Император Пограничья 25 - Евгений И. Астахов
Уртадо, сидевший напротив с миской рагу, тихо посмеивался, не отрываясь от еды. Шрам от уха до подбородка на его смуглом лице складывался в кривую линию, когда аргентинец ухмылялся.
Мои гвардейцы переглянулись. Фимбулвинтер был моей личной вещью, и никому из посторонних я его в руки не давал. Секунду я размышлял, глядя на Томоэ, на сияющие глаза, на пальцы в перчатках, которые она уже тянула к ножнам, но вовремя одёрнула. Любопытство этой девчонки было настолько искренним, что отказать ей казалось чем-то даже не преступным, а жалким, как отнять игрушки у малыша.

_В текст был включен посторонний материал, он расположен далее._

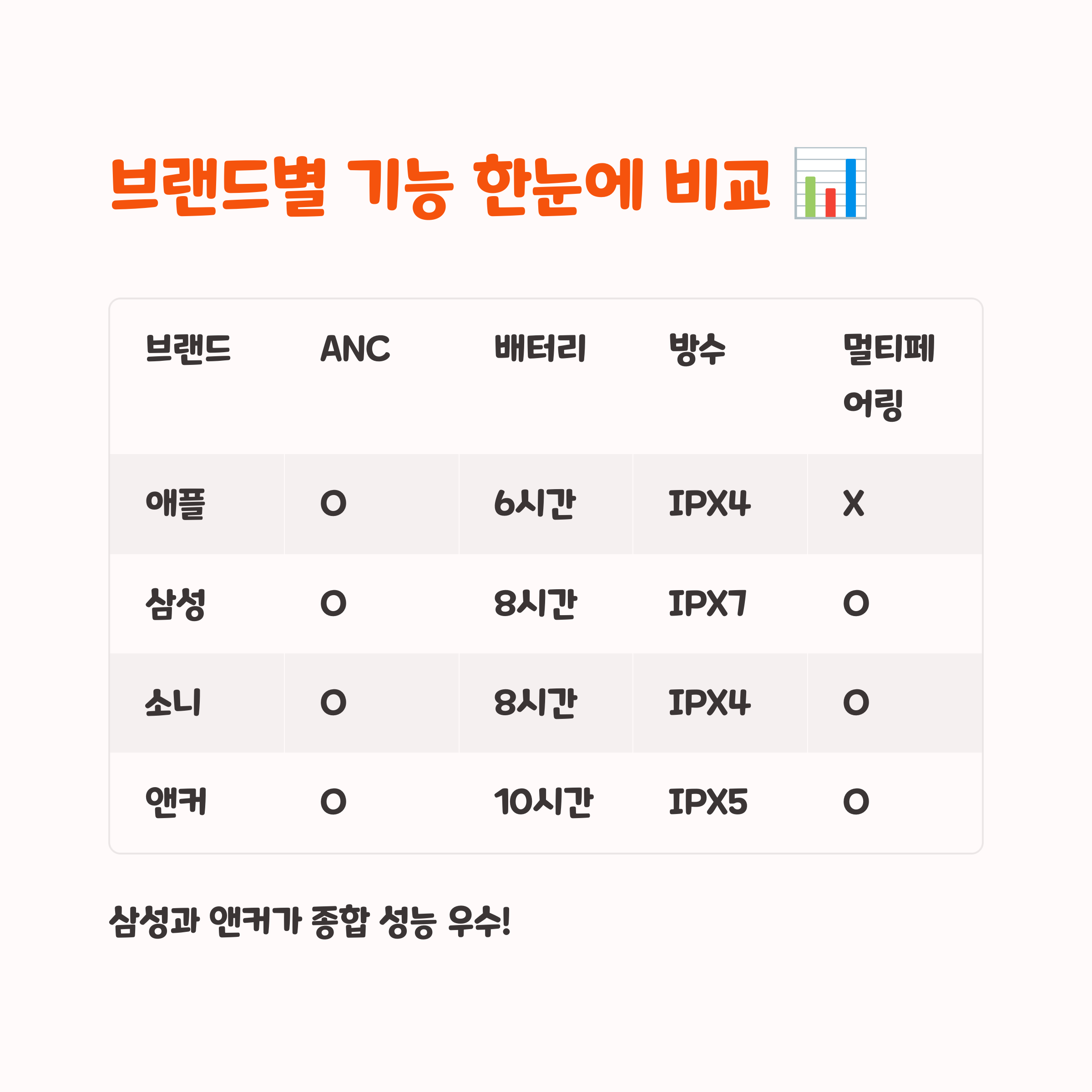 여러 브랜드의 무선 이어폰을 비교해보면, 각 제품마다 특화된 포인트가 뚜렷해요. 어떤 건 통화 품질이 뛰어나고, 어떤 건 배터리 지속 시간이 길거나 음질이 더 선명하죠. 이럴 땐 브랜드별 스펙을 표로 정리해서 보면 선택이 쉬워져요!

— Можете посмотреть, — разрешил я.
Токугава вскочила со стула так, будто её подбросило пружиной. В два шага оказалась у меня за спиной, осторожно коснулась кончиками пальцев гарды и издала звук, который больше подходил ребёнку в кондитерской, чем боевому магу ранга Архимагистра.
— О-о-о-о!..
Бхатт, устроившийся рядом с Дитрихом, покачал головой с усталой улыбкой. Худой индус с аккуратной седеющей бородкой и вечной сумкой через плечо, которую он не снял даже за ужином, наклонился к фон Ланцбергу и негромко заметил:
— Она так реагирует на каждый артефакт старше трёхсот лет. В Александрии, когда нас водили по хранилищу, охрана вызвала врача, потому что решила, что девочке плохо.
Дитрих не улыбнулся, но уголок его рта дрогнул.

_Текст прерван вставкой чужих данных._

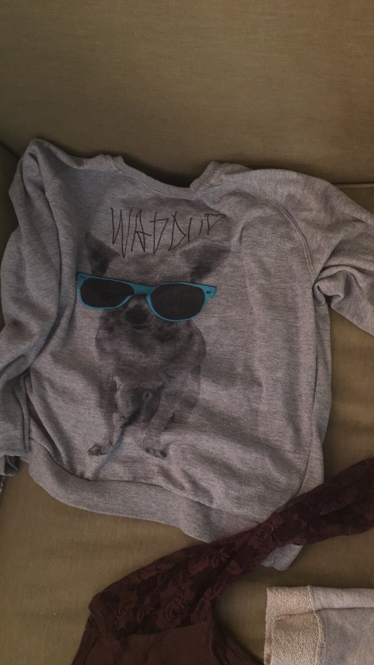 This Valleygirl t-shirt is grey with loose sleeves to give a flowy, cute look and is just the right length, not too short and not too long. It is very versatile and can be worn year-round. This was purchased in the last six months for $10.
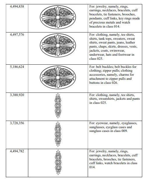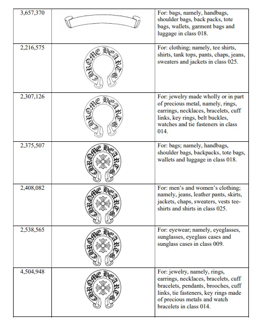 从赛贝TRO案件查询系统获悉,原告Chrome Hearts LLC(克罗心)于2026年4月15日委托知名知识产权律所GBC,起诉多名跨境电商店铺通过线上平台销售侵权产品。原告核心涉案商标为“CHROME HEARTS”系列注册商标,品牌风格以哥特式设计为核心,融合银饰肌理、复古图腾、暗黑奢华质感,辨识度极高;涉案产品覆盖银饰、服饰、皮具、配饰等奢侈品全品类

Токугава закрыла глаза, считывая рунный фон. Минута молчания, и веки её распахнулись.
— Эти чары… — выдохнула она, разлепив веки. — Тут не просто усиление лезвия с заточкой. Тут привязка. Оружие заперто, реагируя только на кровь владельца.
Токугава развернулась ко мне, и в тёмных глазах плескалось нечто среднее между жадностью и благоговением.
— Мне попадалось подобное лишь в описаниях регалий императорского дома, и там это немудрено: императоры Японии считаются прямыми потомками богини солнца Аматэрасу, и в Хэйан-кё до сих пор берегут клинок, откованный, если верить преданию, самой богиней для родоначальника династии. Каким образом настолько древняя вещь очутилась у князя из Содружества?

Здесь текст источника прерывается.